At the end of a patrol a soldier told me that after he has talked to his comrades about the day, he likes to sit and reflect by watching the flames that heat his rations.

He told me that when he looks at the flames, "the world just fades away".

This escapism is a single but crucial piece of armoury if a soldier is to survive in Afghanistan.

There have to be light-hearted moments to balance the horror and it was good to see them laugh and have fun in their own version of "Afghan Idol" performing for their mates on the edge of danger.

Reminders of home also help the troops to escape their surroundings.

Needless to say, post is a lifeline for everyone in the enemy's eyeline.

Messages of love from their partners, admiration from their children and respect from their friends, soldiers told me that it makes what they're doing seem worthwhile.

The vulnerability of these men and women could not be more apparent than when a life is lost in battle.

So far 158 lives have been lost as a result of the fighting in Afghanistan.

The camaraderie, the support and the friendships that are built on a base is only shattered when someone is killed and I saw this first hand when I attended a vigil at Camp Bastion.

As the flags flew at half mast, hundreds of soldiers bowed their heads in unison and the four men who died fighting for their country were honoured and remembered for their dedication and for their sacrifice.

It was then that the realities of war hit me and I realised that these men had died to protect all of us, particularly the Afghan people.

During my stay I was given the unique opportunity to meet some of these beleaguered people.

The gratitude in the eyes of the children said it all.
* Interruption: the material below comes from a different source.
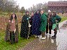 Strollin’The rest of the Rivendell crew was already there when we joined the group. I suggested that we simply wait until 12:17 to start, declaring the extra two minutes the time it would take us to slog up to the flag and back. But to my surprise, when the game started, we didn't go up the horse path or down towards the crossroads. Rather, we started up towards the Rivendell flag, then past it, and into the woods. It soon became apparent that we were going straight up the ridge. "This is definitely a Rich & Todd plan," I thought to myself as I struggled along. As tough a time as I was having, I felt worse for Roz, who had a big flowing cloak that was doing its best to blow away. I did finally struggle my way to the top of the ridge. While I caught my breath, I kept an eye out for Roz, but she did not appear, so I asked Nick (Gimli) to see if he could see her—the ground was so slippery and muddy that I feared she might have fallen or been hurt. It turns out that she had simply lost her brooch, gone back down to get it, and decided not to try the ridge again.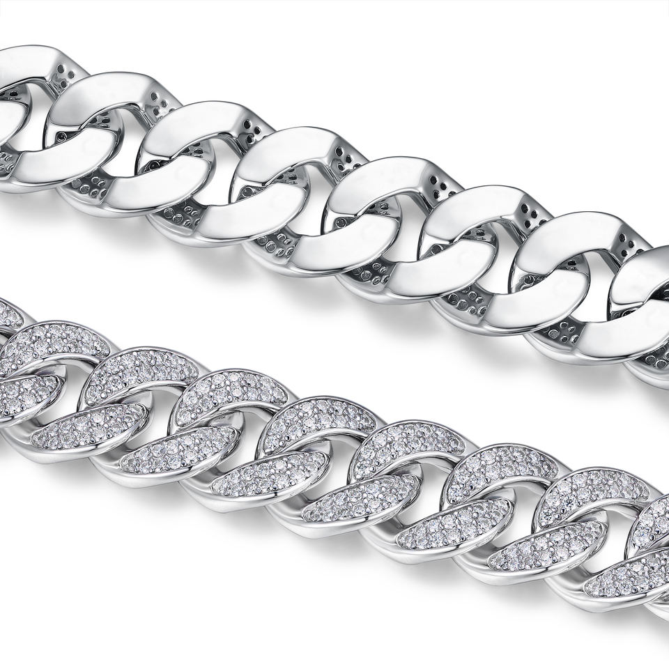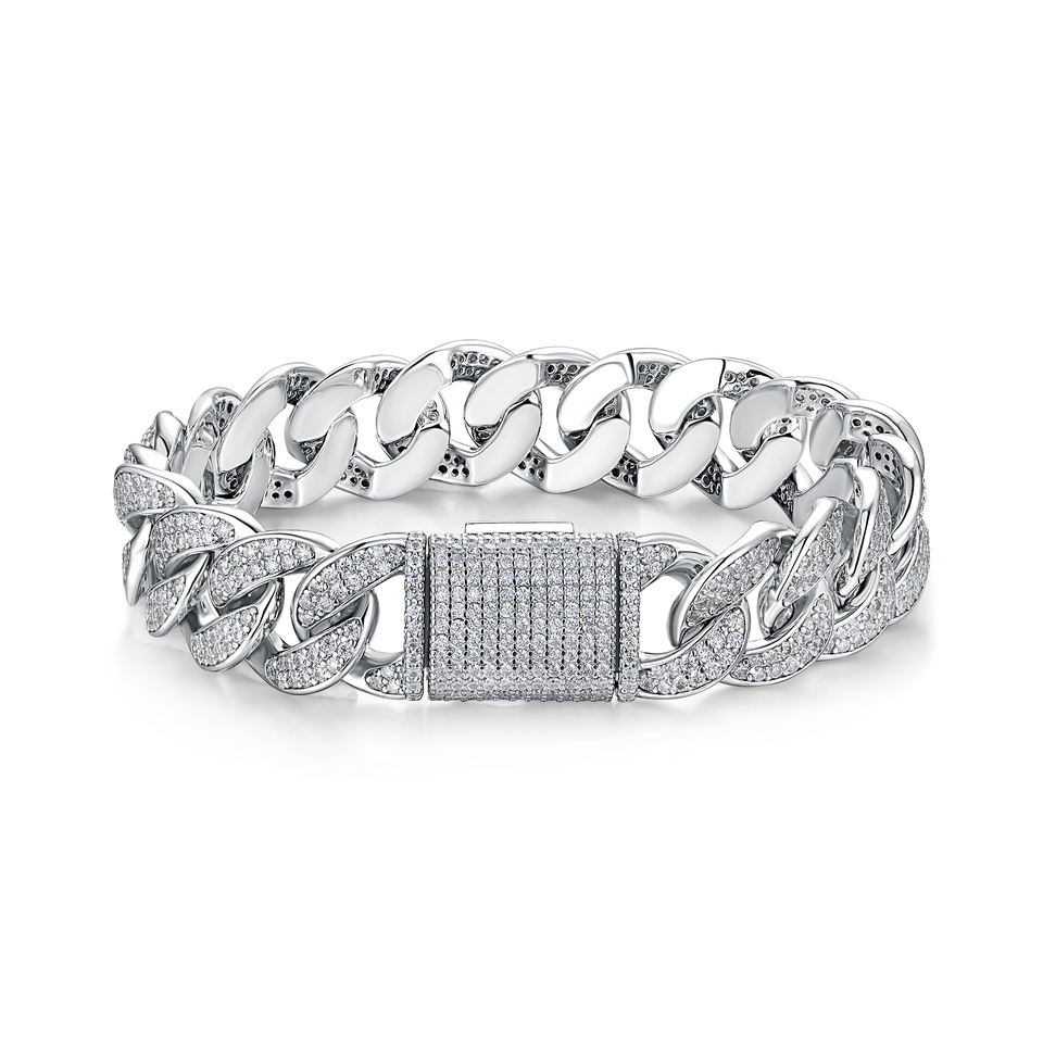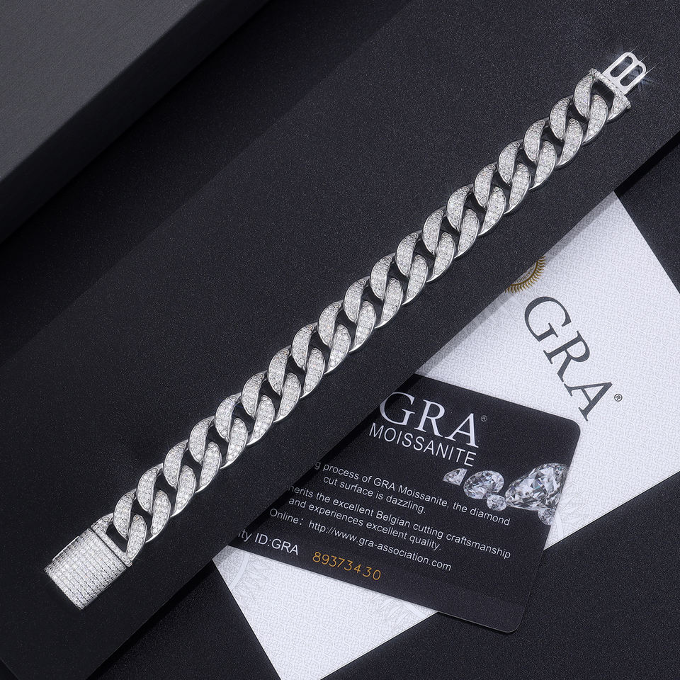 Bracciale Cuban Link con Moissanite Ghiacciata in Argento Sterling 925, Gioiello Hip Hop Placcato Oro Bianco 18K

Only five days into my journey I was longing to be home again.

To be able to walk outside my front door and not have to wear a bullet proof vest.

Not to have to lie in my bed and hear the sound of mortar bombs destroying villages, homes and families.

To not wake up with the smell of cordite in the air – to breathe fresh clean air, to drink clean water, to be educated, to be accepted and to be free.

As I left the intense fighting and the soaring temperatures of Afghanistan it was with a war wound in my soul that will not heal until our servicemen and woman are also safely back home.

Afghanistan left me humbled and probably changed for the rest of my life.